> [Exercise materials]:

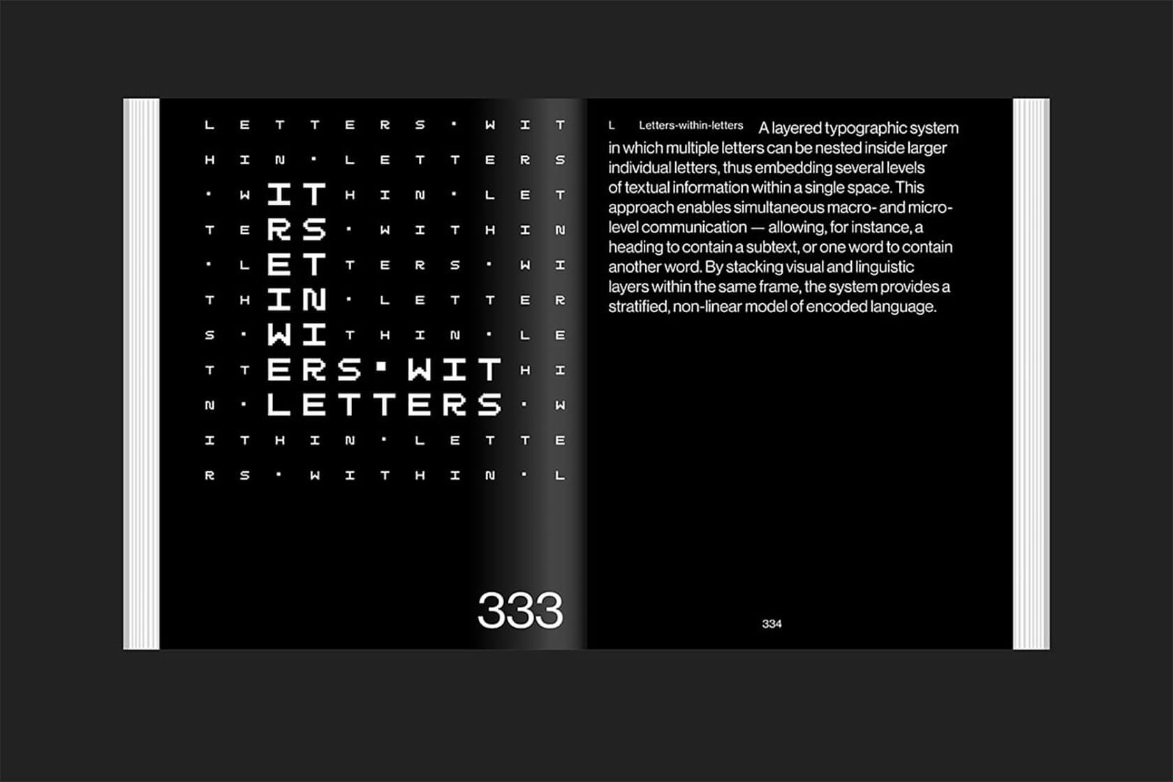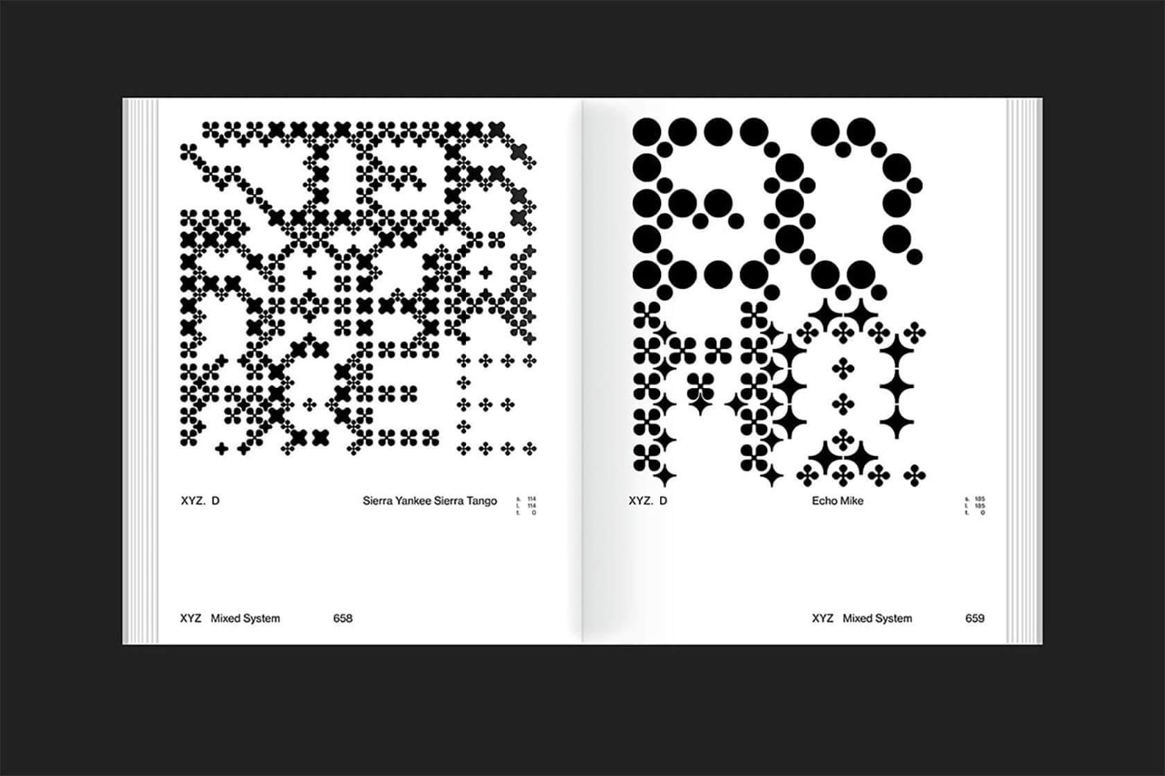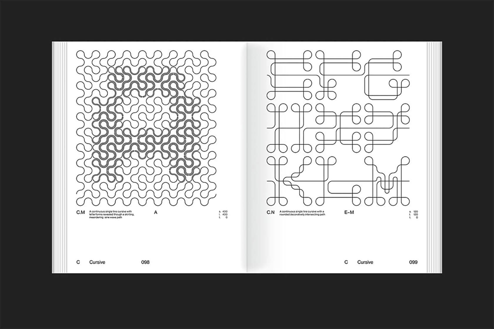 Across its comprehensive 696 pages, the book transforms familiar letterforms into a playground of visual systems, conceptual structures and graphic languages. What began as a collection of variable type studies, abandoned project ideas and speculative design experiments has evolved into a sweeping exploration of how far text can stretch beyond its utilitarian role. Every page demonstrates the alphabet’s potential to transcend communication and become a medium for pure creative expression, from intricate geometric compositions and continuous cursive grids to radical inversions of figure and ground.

* * *

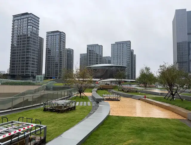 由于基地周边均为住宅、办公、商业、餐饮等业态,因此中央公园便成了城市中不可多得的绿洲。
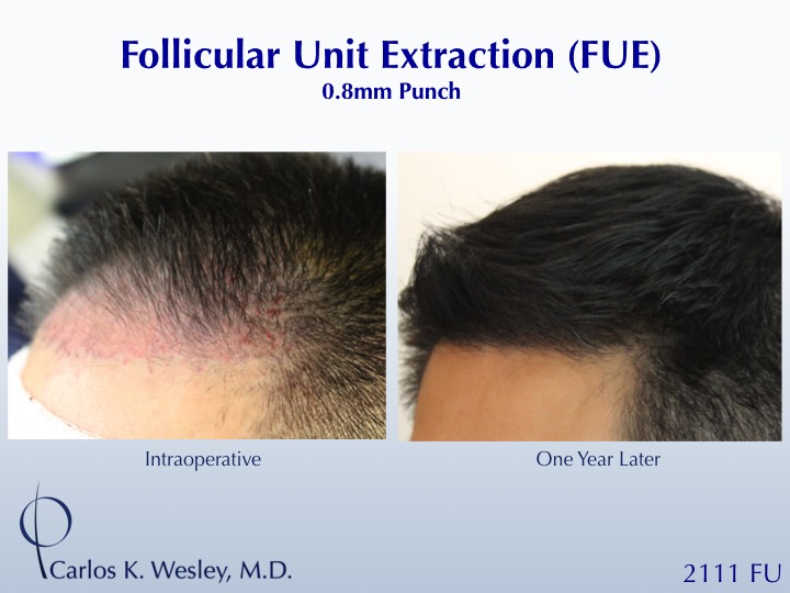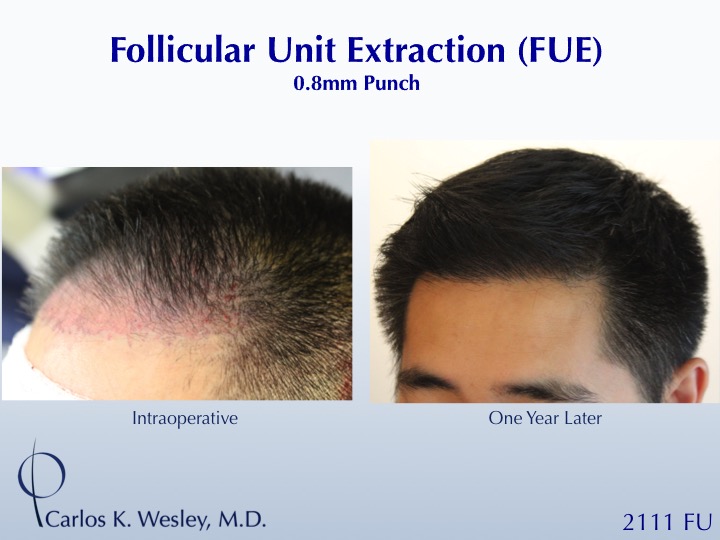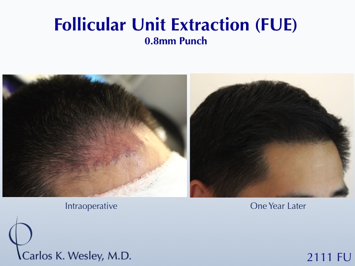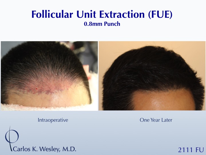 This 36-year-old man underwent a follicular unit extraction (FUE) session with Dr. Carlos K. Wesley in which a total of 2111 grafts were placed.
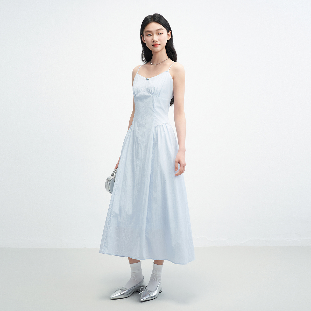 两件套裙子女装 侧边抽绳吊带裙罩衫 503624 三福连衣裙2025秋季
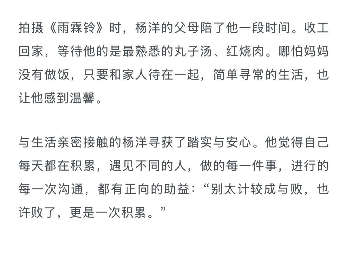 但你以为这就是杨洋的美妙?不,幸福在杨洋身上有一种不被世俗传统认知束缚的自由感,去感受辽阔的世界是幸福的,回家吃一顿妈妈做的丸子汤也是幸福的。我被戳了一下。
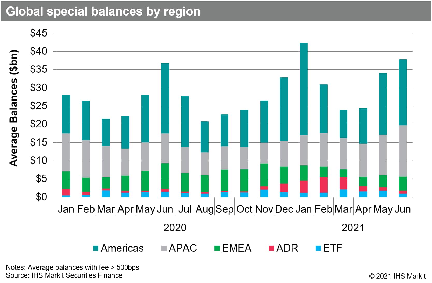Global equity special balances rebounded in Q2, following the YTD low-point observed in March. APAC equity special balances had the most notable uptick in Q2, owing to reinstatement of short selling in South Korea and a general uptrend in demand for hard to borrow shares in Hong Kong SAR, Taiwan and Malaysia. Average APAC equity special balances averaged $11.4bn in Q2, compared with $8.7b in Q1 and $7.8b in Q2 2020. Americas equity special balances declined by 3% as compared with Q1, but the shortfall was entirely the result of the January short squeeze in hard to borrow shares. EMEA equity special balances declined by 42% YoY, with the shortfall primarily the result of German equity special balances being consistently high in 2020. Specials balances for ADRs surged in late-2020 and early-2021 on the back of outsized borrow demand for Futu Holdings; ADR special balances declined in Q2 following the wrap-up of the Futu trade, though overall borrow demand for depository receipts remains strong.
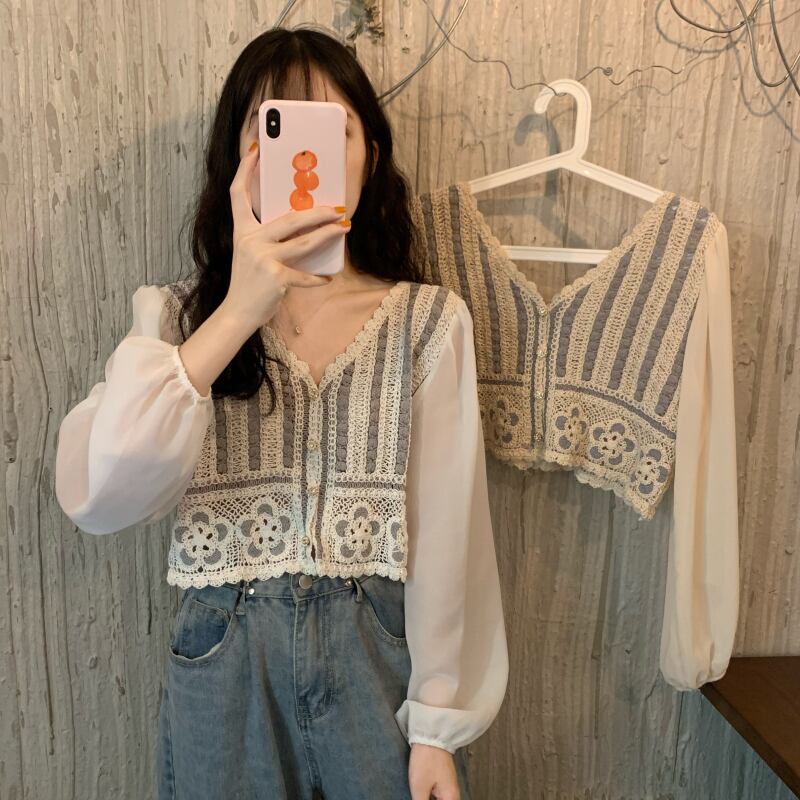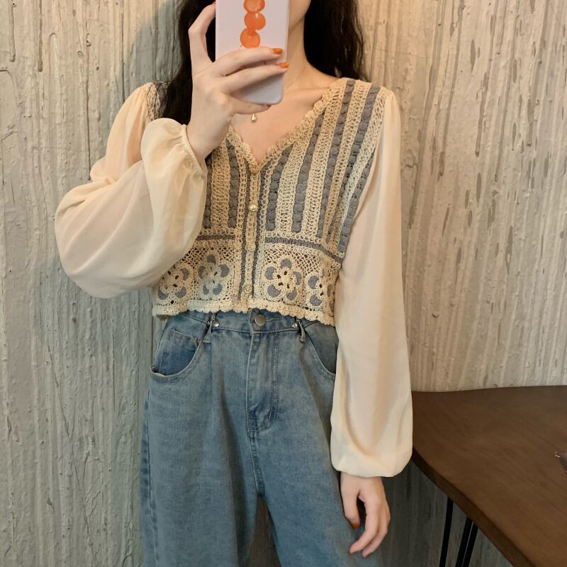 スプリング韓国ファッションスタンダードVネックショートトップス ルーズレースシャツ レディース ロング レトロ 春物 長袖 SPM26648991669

> [Requirement]:
Starting at the line above that contains "由于基地周边均为住宅、办公、", transcribe every line exactly through the line that contains "但你以为这就是杨洋的美妙?不", including that last one, and skip the pictures.

> [The completed task]:
 由于基地周边均为住宅、办公、商业、餐饮等业态,因此中央公园便成了城市中不可多得的绿洲。
 This 36-year-old man underwent a follicular unit extraction (FUE) session with Dr. Carlos K. Wesley in which a total of 2111 grafts were placed.
 两件套裙子女装 侧边抽绳吊带裙罩衫 503624 三福连衣裙2025秋季
 但你以为这就是杨洋的美妙?不,幸福在杨洋身上有一种不被世俗传统认知束缚的自由感,去感受辽阔的世界是幸福的,回家吃一顿妈妈做的丸子汤也是幸福的。我被戳了一下。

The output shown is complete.